Sopla, como silbando, y comienza a cantar otra vez:
Vamos a trabajar como hombre esos trabajos, a-a-a-... ee. a-ea-a-a... a. a-a-a-a-... -a-a-a-a-e-a. a-a-a-a-a-a-e-a-a-. . . a-a-a-, a.

Los enfermos están, los enfermos están siguiendo, lo mismo están cayendo. Mi diosito a este mundo vino y curó mucho a los enfermos; nosotros en recuerdo de él, lo mismo en la noche está cantando.

Los pobres enfermos están sufriendo mucho; nosotros estamos trabajando en favor de él, de sufrimiento.

Mi diosito y trabajaba en este mundo, que me le dé larguita vida a estos niñitos; nosotros para eso trabajamos, que me le dé la vida.

De estos trabajos nosotros todavía recuerda en favor de los enfermos; como hombre estamos trabajando.

El hombre vamos a trabajar; por eso como están ahora, estamos trabajando como hombre, la verdad.

P’a eso estamos trabajando como hombre por la verdad, por estos enfermos, por eso de pronto le dará larguita la vida esto niño.

Doctor malo que manda maleficio , como hombre trabajamos; trabajamos; nadie ni puede mandar. A los brujos malos que mandan a nosotros y nosotros como hombre trabajamos; ellos no es capaz, que no manden maleficio malo.

Como yo trabajo como los mismos que se mandan, a favor de los enfermos; nadie puede mandar allí.

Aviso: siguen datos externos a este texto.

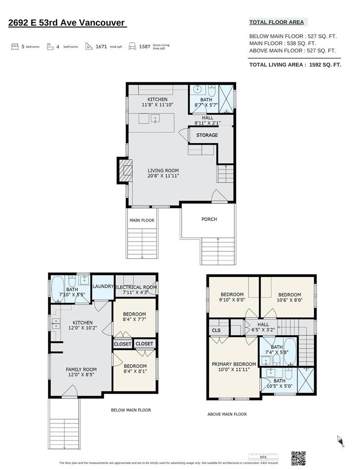 Step into this remarkable one of a kind Duplex residence built by Biring Bros Construction! This home offers an exceptional floor plan , an array of natural sunlight, high ceilings, and great curb appeal. This main floor offers an Impressive kitchen, stunning cabinetry, beautiful custom millwork, AC, radiant floor heating,& extra large storage room. Upstairs includes 3 spacious bedrooms with 2 full washrooms and ample closet spaces. Basement includes 2-bedroom spacious Legal Suite with separate laundry. Located in Prime Killarney this is walkable to both levels of schooling, Killarney Market, Champlain Square, Fraserview Golf course, parks, and trails, shops, daycare, many restaurants, and much more! Call today to view this remarkable home in one of Vancouver’s premier Neighborhoods.
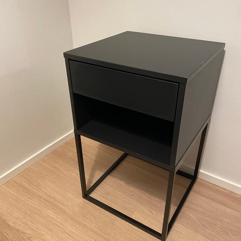 Ikea yöpöytä, pieni kaappi, Aspelund sarjaa. Pöytälevyssä kolhuja, katso kuvat, muuten ehjä.
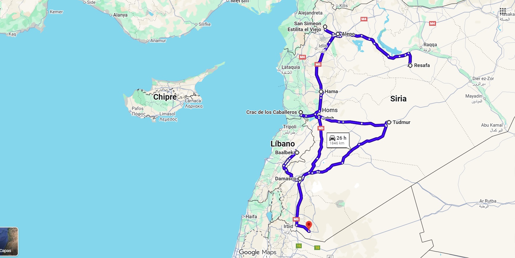 Una verdadera lástima la guerra que vino después, al año de nuestro viaje. Espero que pronto pueda volver a ser un pais donde aquellos viajeros intrépidos puedan disfrutar de lugares maravillosos y únicos que aun están fuera de las hordas de turistas que inundan muchos otros destinos. Nosotros, como podéis leer más abajo, a parte de Siria hicimos una incursión de un día al Líbano, para ver los templos de Baalbek, y luego estuvimos unos días en Jordania, para acabar con un par de días en Chipre. Y todo, en 14 días completos.

Porque nosotros estamos aquí trabajando, andando en favor de los enfermos, siempre de la verdad.

Uno lo que dice doctores, uno de los que más sabe, Clemente como que no sabe bien; pero nosotros también sabe de brujería, y no puede mandar nosotros aquí.
El canto se detiene otra vez. Mientras ha durado, reparten chicha de panela en una totuma. Cada uno recibe una totumada, la bebe y entrega el recipiente. Darío va a una de las ollas cerca de la pared, llena la totuma y la lleva a otro. Así hasta que todos han bebido, incluyendo las mujeres y los niños.


La gente no parece prestar atención a lo que ocurre, un grupo de muchachos toca discos en una esquina del tambo, mientras algunos niños bailan con la música. Otro oye su radio, otros más conversan y ríen. Pregunto si esto no estorba a Clemente y Misael me responde que no, que en antigua la gente bailaba mientras el Jaibaná hacía su trabajo.

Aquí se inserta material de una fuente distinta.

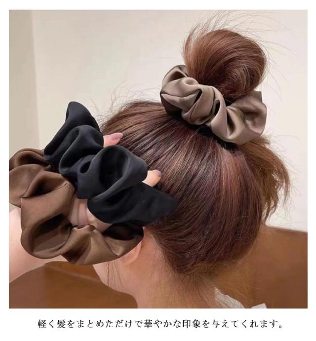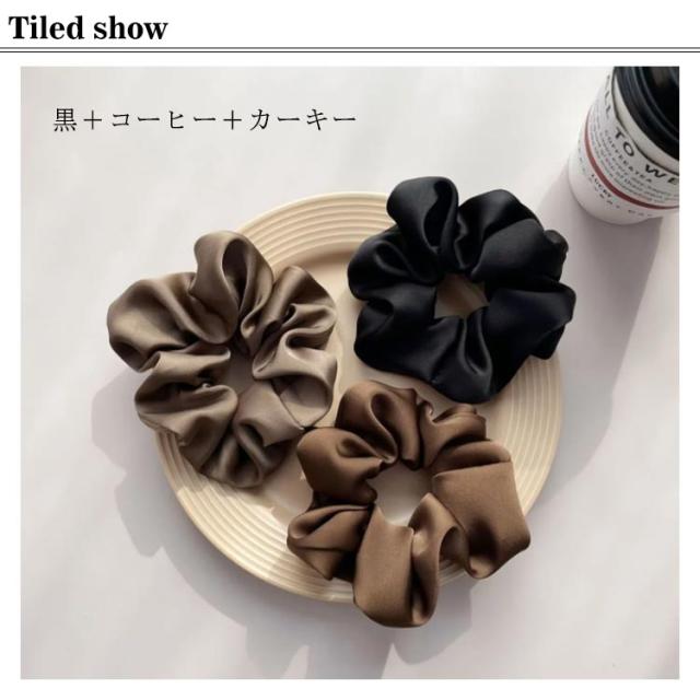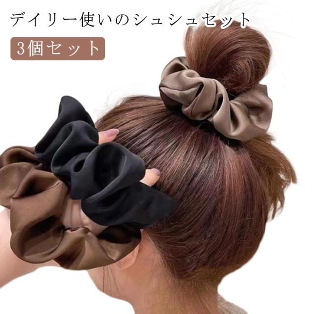 カラー 定番 髪飾り 無地 大人っぽい 光沢感 ヘアアクセサリー オフィス 仕事 髪留め 3個セット ヘアアレンジ 可愛い シンプル ヘアアクセサリー ボリューム ヘアゴム レディース シュシュ かわいい おしゃれ プレゼント ギフト

Clemente se dirige a mí: “¿Cómo le parece?, ¿está bien o no está bien?”, rubricando su pregunta con una carcajada. “Ah, mi amigo, hombre, cuántas veces recordaba: ¿Guillermo en dónde estará?, casi no viene aquí. El venía, para acá venía; parece como hijo mío, dónde estará, está perdido. Yo me recuerdo, parece como hijo mío usté”.

En katío, habla y hace chistes con los presentes; se ríen con frecuencia. Comenta, mientras fuma, que están muy pobres y que en la semana siguiente va a mandar comprar cigarrillos. Su voz revela ya los efectos de la chicha y él mismo reconoce que “está ya copetón”.

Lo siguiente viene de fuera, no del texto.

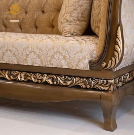 Elevate your drawing room into a private gallery with the New Latest Furniture Designs 2026. This Rococo Giltwood Panel-Back Sofa is a breathtaking display of High Quality Chinioti Furniture 2026, featuring a rare hand-painted scenic medallion backrest framed by exuberant giltwood carvings. As a Top Quality Furniture Brand in Chiniot 2026, Gulzar Sons has masterfully blended the romance of 18th-century French artistry with the world-renowned carving skills of Chiniot.

Comunica un poco después que en esta noche se recuerda del Señor que recorrió este mundo curando a todos los enfermos:
Recuerda una historia, en libro dicen él andaba este mundo y entonces él se fue lejana tierra en otra población de allá, a predicación de allá, a predicación se fue; de esa cordillera andaba solo, detrás le gritaba si alcanzaba le mataba y le comía y ai se dejaba muerto; si iban dos, le mataban dos y le quedaba muerto ai; cada pasaban, no descapaban de esos maledificios de estas cordilleras. Y salieron de esos cordillera con doce apóstoles. A las cinco de la tarde llegaron una casa de pobreza; y entonces este hora, como a las siete noche, le preguntó una señora, dijo: “¡Señor, tú nadie ni pasó en este cordillera ha matado muchas personas!”. El señor dijo: “para mí no tienen de la molestia de ese cordillera, tenía maledificio. Por el viento le sopló, se echó en otra parte, de ahora en adelante no va a pasar de esa cordillera, no va a pasar: andarán solo ni va a pasar nada”. Ahí le curó de ese cordillera. De eso se recuerdo y nosotros aquí estamos cantando.
Hace una pausa para tomar chicha. Acaba la primera botella y la entrega para que se la llenen otra vez. Habla en katío, mencionando mi nombre varias veces.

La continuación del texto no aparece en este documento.